I have been asked to lead a Bible study tomorrow for Presbyterian pastors in Cincinnati. John 3 was among the lectionary options I was given and I happily agreed. Part of my attraction to this chapter relates to my fascination with texts (like John 3:16) that have cultural momentum behind them. Such texts have the power to tell us something about our own biases and affinities. Because to the extent that we employ them, we are prone to distort them. John 3:16 is a great example of a text that modern American Christians have put in service to a particular kind of reductionist theology. Conversely, I was also attracted to John 3 because I am fascinated by texts that alienate our modern sensibilities. John 3:14-15 is such a text. Our cultural repulsion also reveals something about us. Lucky for me, this passage happens to set an alienating text right next to a darling text.
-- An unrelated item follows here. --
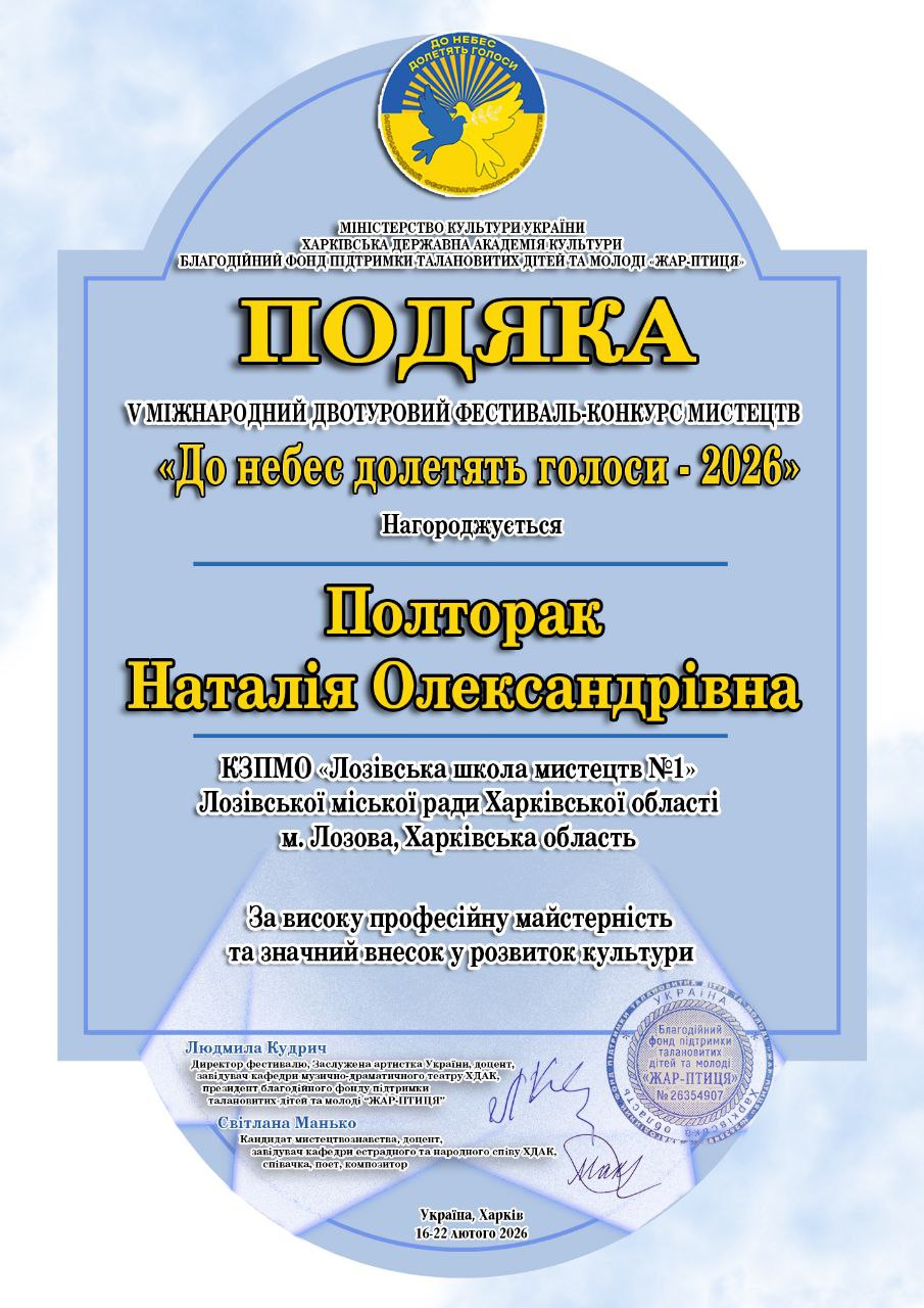 Щира подяка викладачу Полторак Наталії за професіоналізм, підтримку та внесок у розвиток юного музиканта.

John 3:14 And just as Moses lifted up the serpent in the wilderness, so must the Son of Man be lifted up, 15 that whoever believes in him may have eternal life. 16 “For God so loved the world that he gave his only Son, so that everyone who believes in him may not perish but may have eternal life....
I talk more about how this passage relates to Numbers 21 in
this post. Today I'm tinkering with this text in a different way. Preparing for a Bible study, I have found, requires a different sort of reading strategy. I must resist my tendency for historical-critical dissection (although some pastors like this) and a simple devotional reading will be unsatisfactory. Preparing for a Bible study is more like a workshop reading. I get the feeling I once had when I would take a screwdriver to an old radio in my father's garage just to see what's inside. In this case, the hope is to put it back together again.
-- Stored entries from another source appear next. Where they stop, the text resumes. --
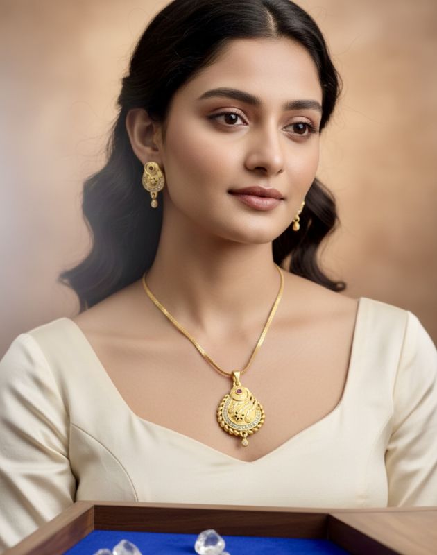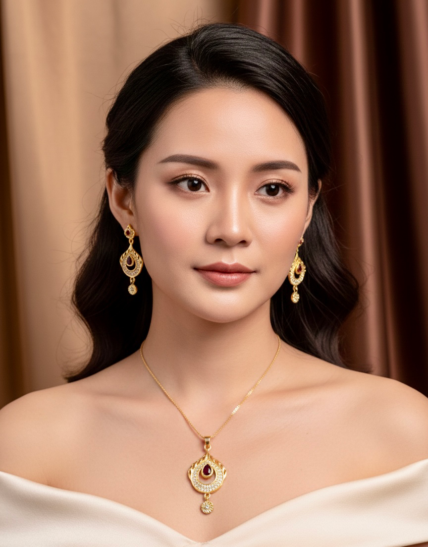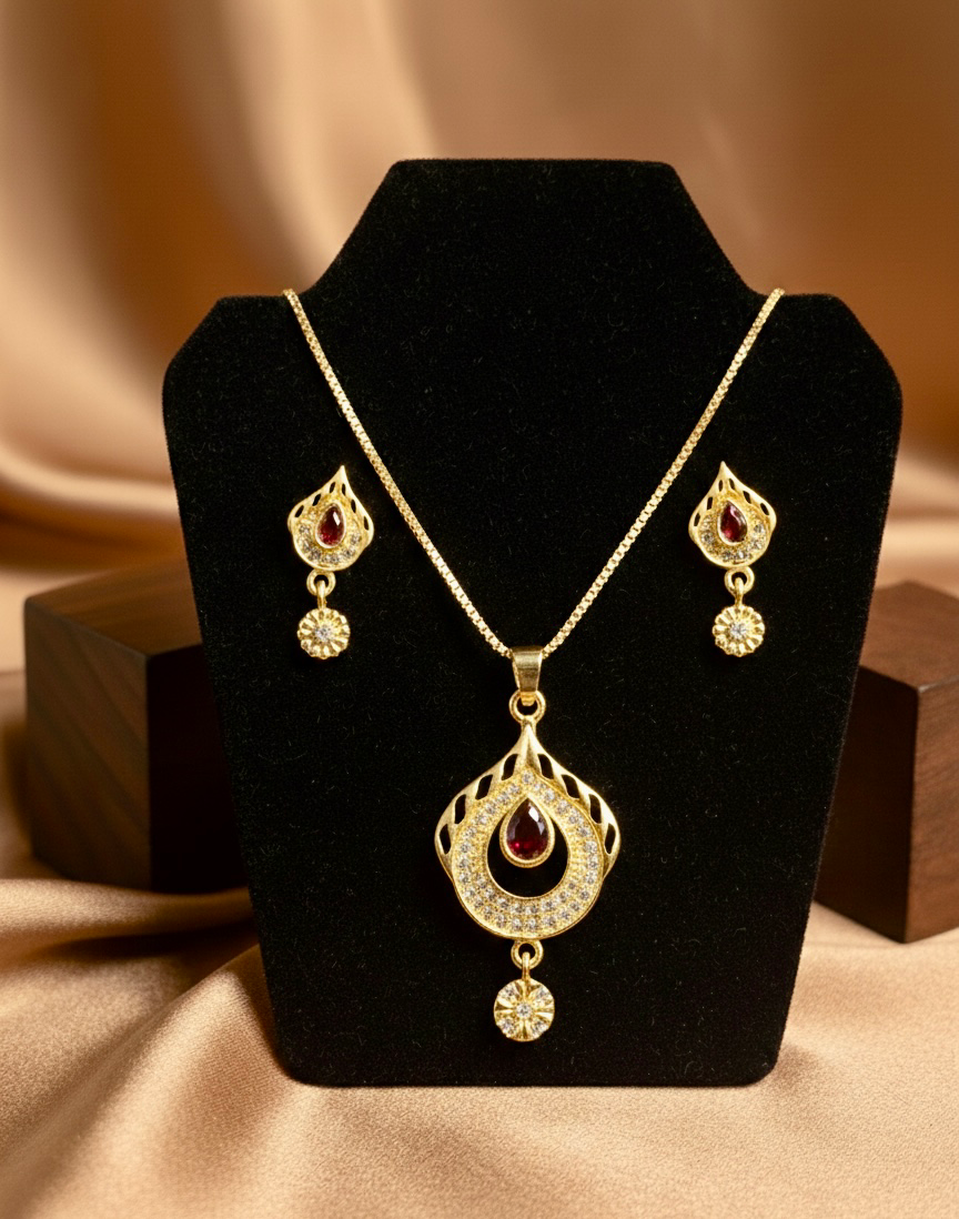“Ruby Empress” Teardrop Pendant & Earring Set in 18K Gold Finish
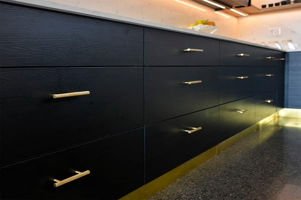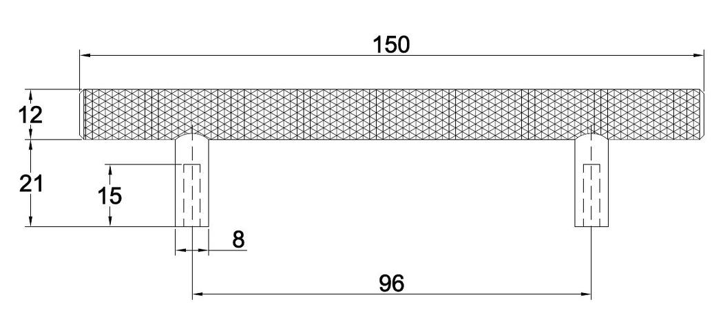 Møbelgreb "Grip", cc 96mm, ø12x150mm,H:33mm, Satin Messing, Sort eller Rustfrit Look, Inkl. 2 stk M4x25mm. i matchende materiale.
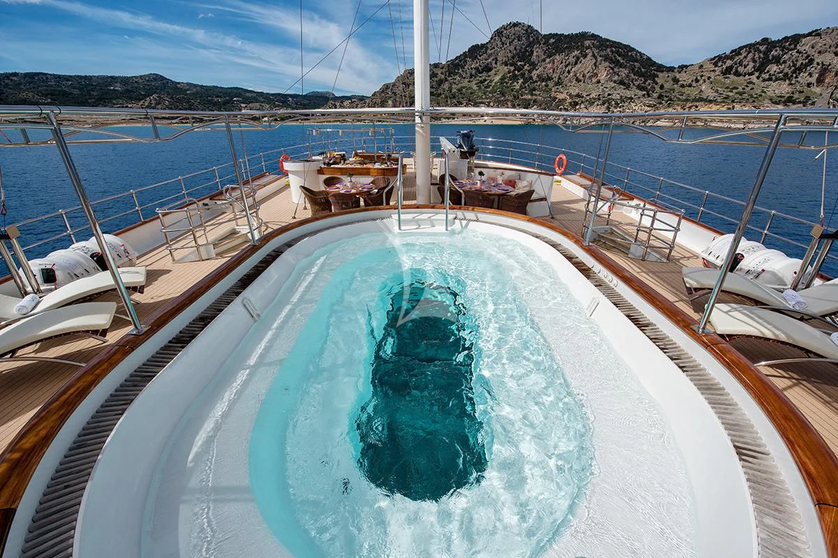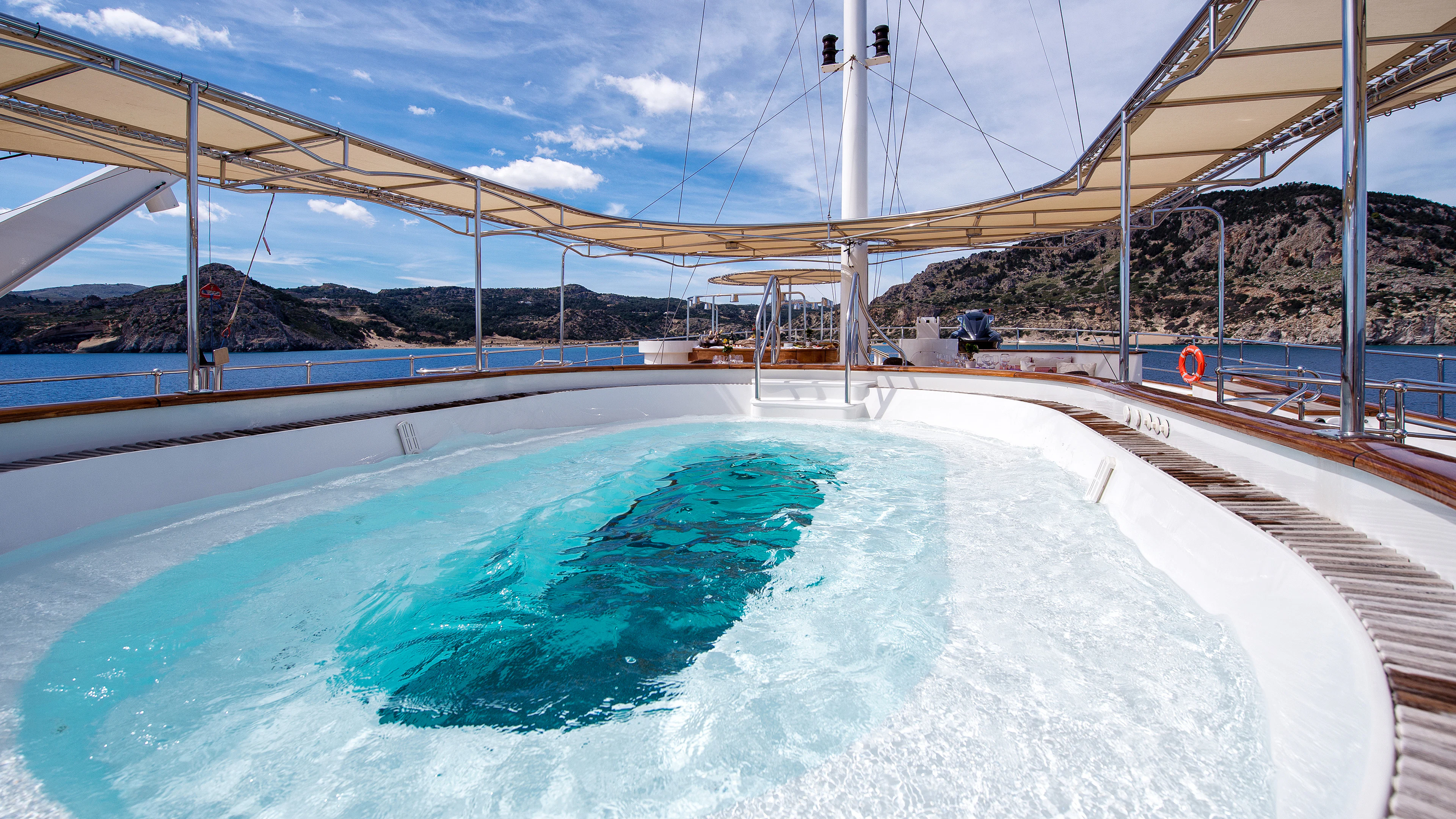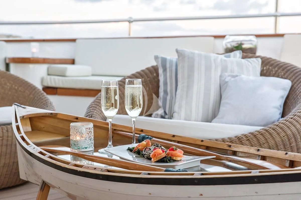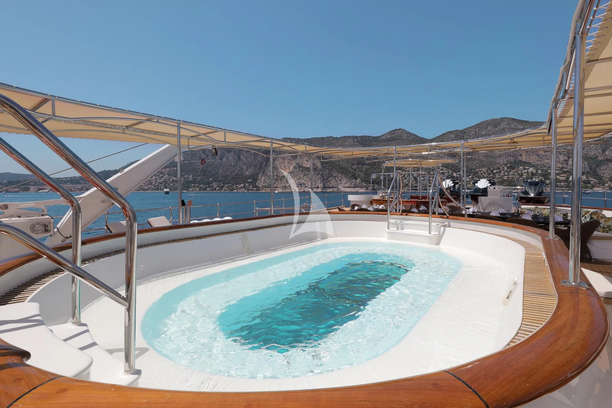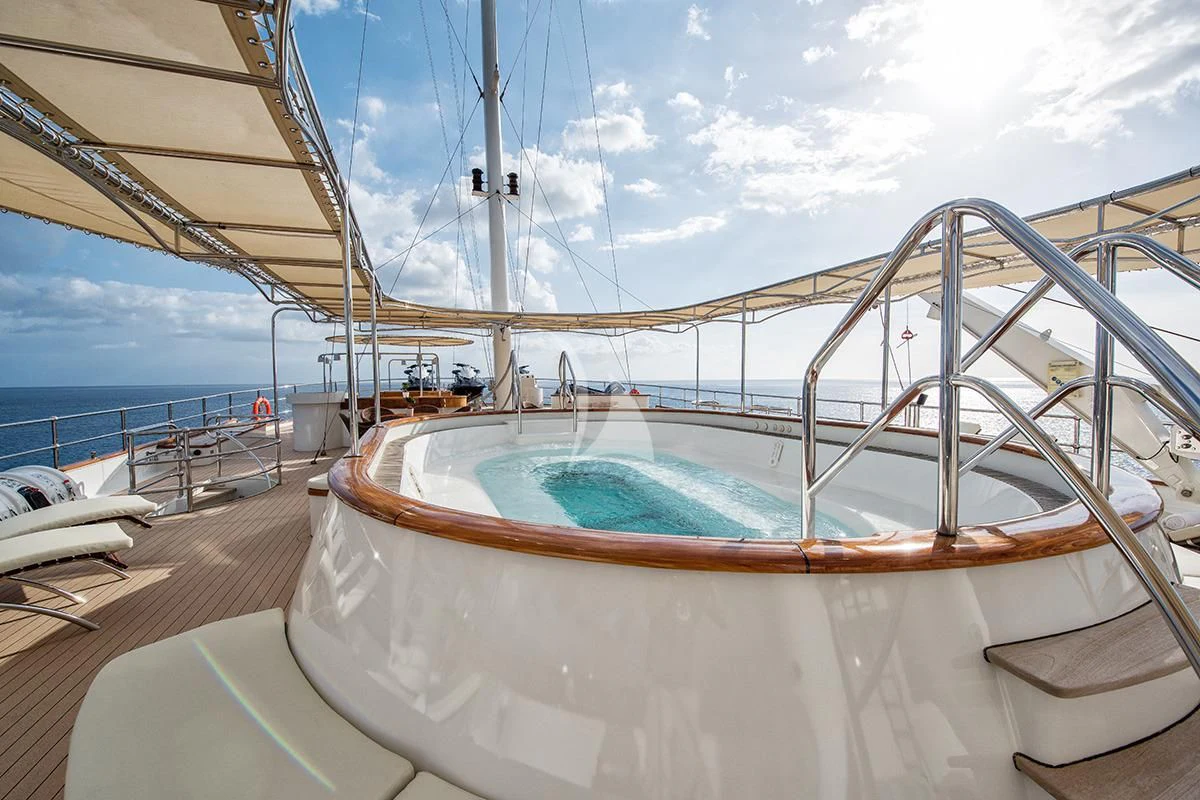 Outdoors, the wide, spacious decks of SHERAKHAN invite guests to take advantage of the alfresco living while on board. For the utmost in relaxation, SHERAKHAN features an 18-person Jacuzzi, a fully equipped onboard gym and spa and a beauty salon, with a trained masseuse on staff. She features a hydraulic swim platform and a tender garage allowing guests to easily access the water and the yacht’s host of water toys and tenders, including a classic Dutch tender for excursions, WaveRunners, Jet Skis, wakeboards and more for guests to enjoy while on board. She also has 19 crewmembers on hand to ensure the epitome of five-star service is maintained.

In the case of John 3:14—the business about serpents as divine judgement, divine salvation, and savior typology—we meet an alienating text (lifelong Bible readers tend not to like literary serpents). But the task of the teacher is almost never to alienate. It is therefore my task to bring an alienating text to life in a way that does not alienate my students.
Here is how I'm thinking about reading strategy today:
Step one: create space wherein the text can be appreciated for its otherness. Notice its capacity to offend our modern sensibilities or confound our familiar theologies. Allow yourself to recognize how removed you are from the time and place of the first audiences of the text. E.g. Who is this God who sends venomous serpents as a consequence for complaining in the wilderness? What function did serpentine imagery play in ancient Egypt relative to Numbers 21? Are the implicit problems created by this zoological image solved by 2 Kings 18:4 (cf. the fate of the
Nehushtan)? Is the Johannine Jesus creating more problems than he's solving in John 3:14-15? Does Jesus intend to teach Nicodemus or confuse and shame him? I would suggest that many such questions will allow us to experience the text as "other."
Step two: create space wherein the text can be appreciated as an "other" that requires empathy. If the goal is understanding and we are willing to admit our status as aliens to the text, can we approach the text as a cross-cultural encounter? Why does this particular combination of words make sense to the first composers and audiences? How do we explain the difference between their world and ours in a way that doesn't judge one to be superior to the other? And if we cannot avoid judgement, why not? What is the nature and extend of our cross-cultural encounter? Finally, is there a way to look beyond the offense to discover something more?
I would suggest that (while by no means the only reading strategy) this two-step approach to Bible reading might prepare us for cross-cultural empathy in other encounters as well.